• Problem description:
Taking only the lines of the data below from the line with "4145- (ع) عَمرو" to the line with "Edytor tapety: Sowa, Jesień, Woda, Drzewa", ends included, write them out exactly and without pictures.

• Given records:
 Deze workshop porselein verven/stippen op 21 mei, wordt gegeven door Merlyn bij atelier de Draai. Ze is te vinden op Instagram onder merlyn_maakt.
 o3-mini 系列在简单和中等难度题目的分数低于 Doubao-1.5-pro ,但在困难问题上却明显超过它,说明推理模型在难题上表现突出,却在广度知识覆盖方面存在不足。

* * *

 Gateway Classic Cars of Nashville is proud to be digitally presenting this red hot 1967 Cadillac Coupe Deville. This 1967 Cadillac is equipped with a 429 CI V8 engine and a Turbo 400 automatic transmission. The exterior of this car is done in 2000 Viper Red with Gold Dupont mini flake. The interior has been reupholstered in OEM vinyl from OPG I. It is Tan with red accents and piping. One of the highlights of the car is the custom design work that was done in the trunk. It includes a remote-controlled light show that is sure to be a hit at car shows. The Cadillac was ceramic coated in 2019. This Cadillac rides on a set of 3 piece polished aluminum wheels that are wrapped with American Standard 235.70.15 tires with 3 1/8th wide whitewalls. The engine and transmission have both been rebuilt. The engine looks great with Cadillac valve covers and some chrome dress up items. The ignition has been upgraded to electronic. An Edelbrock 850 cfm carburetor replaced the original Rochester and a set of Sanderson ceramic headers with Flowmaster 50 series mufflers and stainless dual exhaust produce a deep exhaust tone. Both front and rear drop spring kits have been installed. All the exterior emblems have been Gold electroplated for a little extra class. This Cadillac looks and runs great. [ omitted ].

* * *

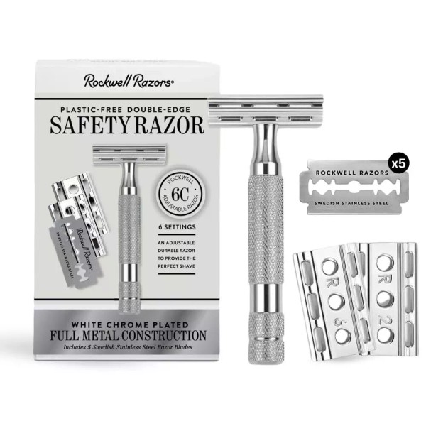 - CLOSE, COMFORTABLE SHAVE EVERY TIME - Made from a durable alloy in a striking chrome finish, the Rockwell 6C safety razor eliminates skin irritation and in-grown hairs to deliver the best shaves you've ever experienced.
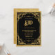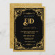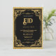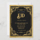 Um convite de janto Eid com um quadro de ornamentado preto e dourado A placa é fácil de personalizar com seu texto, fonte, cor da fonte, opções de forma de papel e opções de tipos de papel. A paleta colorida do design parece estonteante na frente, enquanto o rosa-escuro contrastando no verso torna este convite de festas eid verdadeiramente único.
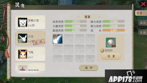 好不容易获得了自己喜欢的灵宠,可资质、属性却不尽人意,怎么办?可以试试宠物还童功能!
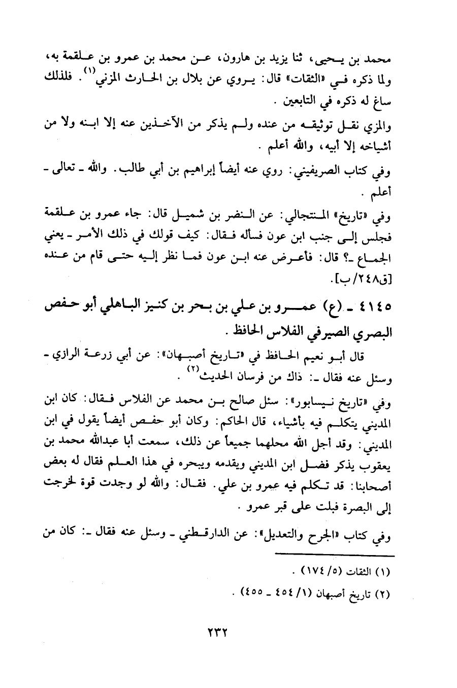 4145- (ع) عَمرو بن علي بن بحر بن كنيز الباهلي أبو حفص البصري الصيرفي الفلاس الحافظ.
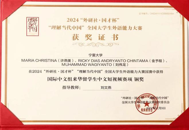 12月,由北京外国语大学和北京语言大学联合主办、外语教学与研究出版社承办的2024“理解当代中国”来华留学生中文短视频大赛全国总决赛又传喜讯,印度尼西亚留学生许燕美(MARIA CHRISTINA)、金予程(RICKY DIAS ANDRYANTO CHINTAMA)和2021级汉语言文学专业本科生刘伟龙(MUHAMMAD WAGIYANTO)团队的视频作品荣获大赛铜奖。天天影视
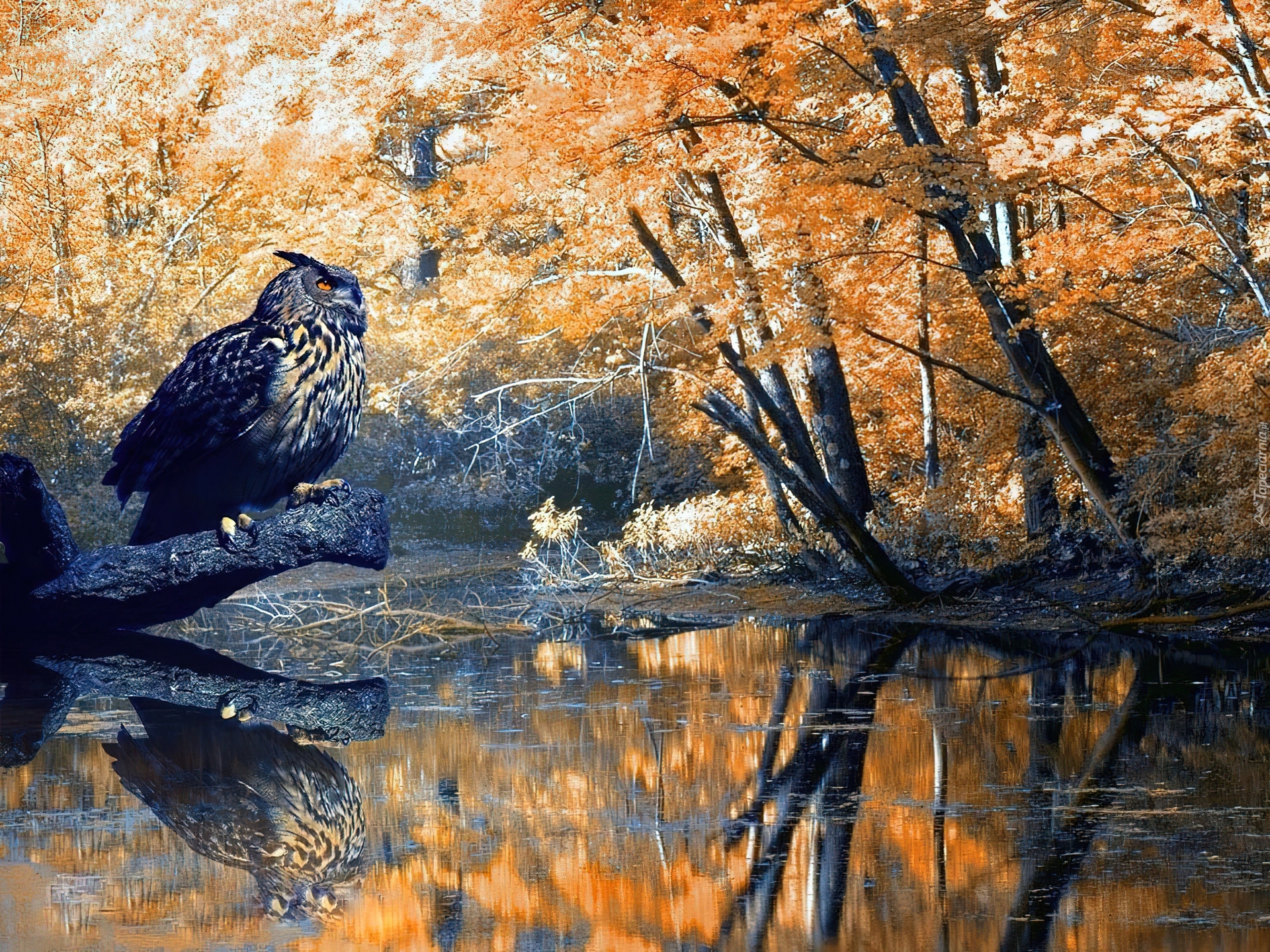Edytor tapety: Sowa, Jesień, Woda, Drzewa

• Response:
 4145- (ع) عَمرو بن علي بن بحر بن كنيز الباهلي أبو حفص البصري الصيرفي الفلاس الحافظ.
 12月,由北京外国语大学和北京语言大学联合主办、外语教学与研究出版社承办的2024“理解当代中国”来华留学生中文短视频大赛全国总决赛又传喜讯,印度尼西亚留学生许燕美(MARIA CHRISTINA)、金予程(RICKY DIAS ANDRYANTO CHINTAMA)和2021级汉语言文学专业本科生刘伟龙(MUHAMMAD WAGIYANTO)团队的视频作品荣获大赛铜奖。天天影视
Edytor tapety: Sowa, Jesień, Woda, Drzewa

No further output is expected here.